REPUBLIKA.CO.ID, JAKARTA -- Tim kuasa hukum Oesman Sapta Odang (OSO) menyampaikan delapan alat bukti soal dugaan pelangggaran administrasi oleh KPU terkait proses pencalonan anggota DPD. Bawaslu akan kembali melanjutkan sidang dugaan pelangggaran administrasi ini pada Kamis (3/1).
"Tadi ada delapan alat bukti yang diberi tanda P1 hingga P8. Untuk isinya (bukti) aseperti apa, saya tidak bisa mengungkapkan," ujar Ketua Bawaslu Abhan kepada wartawan di Kantor Bawaslu, Thamrin, Jakarta Pusat, Rabu (2/1).
Sementara itu, KPU sebagai terlapor menyampaikan alat bukti berupa satu dokumen surat. Abhan melanjutkan, dalam kasus dugaan pelangggaran administrasi ini, tim kuasa hukum OSO juga akan mengajukan tiga orang saksi fakta dan dua orang saksi ahli. KPU selaku akan menghadirkan dua saksi ahli. Menurut Abhan, Bawaslu kembali menggelar sidang lanjutan dugaan pelanggaran administrasi pada pukul 10.00 WIB, Kamis pagi.
"Jadi disepakati sidang besok dengan agenda penyampaian bukti-bukti tambahan dari pelapor dan terlapor. Selanjutnya dipersilahkan kepada pelapor untuk sekaligus menghadirkan tiga saksi fakta," jelasnya.
Sebelumnya, komisioner KPU, Hasyim Asy'ari, mengatakan pihaknya menolak gugatan OSO terkait dugaan pelangggaran administrasi dalam pencalonan anggota DPD. KPU juga meminta Bawaslu untuk menolak dalil permohonan gugatan OSO tersebut.
Hasyim menjelaskan, KPU telah mengeluarkan surat nomor 1492 tahun 2018 perihal permintaan pengunduran diri kepada OSO sebagai pengurus parpol. Surat tersebut tertanggal 8 Desember 2018. Menurut Hasyim, surat tersebut diterima oleh pihak OSO pada 10 Desember 2018. Kemudian, laporan dugaan pelangggaran administrasi baru diterima Bawaslu pada 20 Desember 2018. Karena itu, lanjut Hasyim, dalil yang menyebut pelapor menerima surat pada 20 Desember 2018 tidak benar.
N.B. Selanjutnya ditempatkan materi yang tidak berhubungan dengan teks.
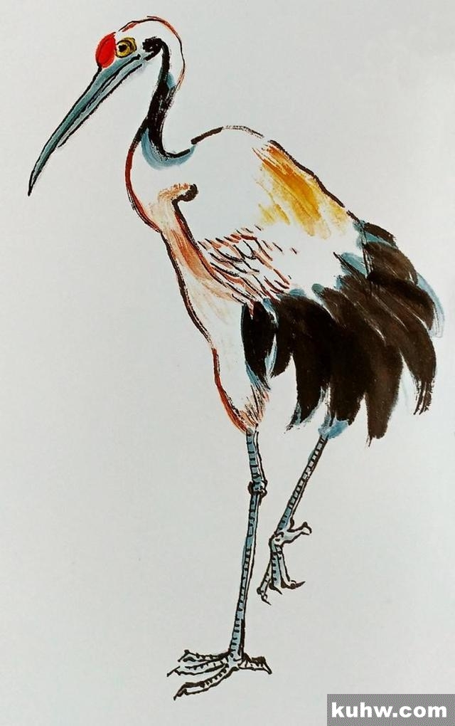 第五步:以朱红点鹤的头顶。调清灰染喙部和腿爪部分,也可在脖子和尾羽部分点厾。

"Maka secara prosedur laporan pelapor sebetulnya telah melewati waktu. Terlapor (KPU), menolak dengan tegas terhadap dalil perlapor," ungkap Hasyim saat memberikan keterangan dalam sidang di Bawaslu, Thamrin, Jakarta Pusat, Rabu
Kemudian, berdasarkan surat nomor 1492 itu, OSO diminta untuk menyerahkan surat pernyataan pengunduran diri paling lambat pada 21 Desember. Konsekuensi jika OSO tidak menjalankan permintaan tersebut adalah namanya tidak akan dimasukkan ke dalam daftar calon tetap (DCT) Pemilu 2019.
"Maka, tidak benar jika kami menolak melaksanakan perintah putusan PTUN. Justru atas terbitnya surat itu, menunjukan bahwa KPU menghormati keputusan PTUN," tegas Hasyim.
Sebab, KPU telah berupaya menampung semua masukan dari berbagai pihak. Selain menghormati putusan PTUN, kata Hasyim, KPU juga wajib menjalankan amanat UUD 1945 sebagaimana tercermin dalam putusan Mahkamah Konstitusi (MK) nomor 30 terkait pencalonan anggota DPD. Hasyim menekankan jika KPU sebagai penyelenggara tidak boleh bertentangan dengan undang-undang.
"Terlapor (KPU) meminta kepada majelis untuk menolak atau setidak tidaknya menyatakan tidak bisa menerima (dalil gugatan OSO). Dan menyatakan bahwa terlapor tidak terbukti secara sah dan meyakinkan melakukan pelanggaran adminsitrasi pemilu dan telah menjalankn aturan sesuai dengan perundang-undangan," tambahnya.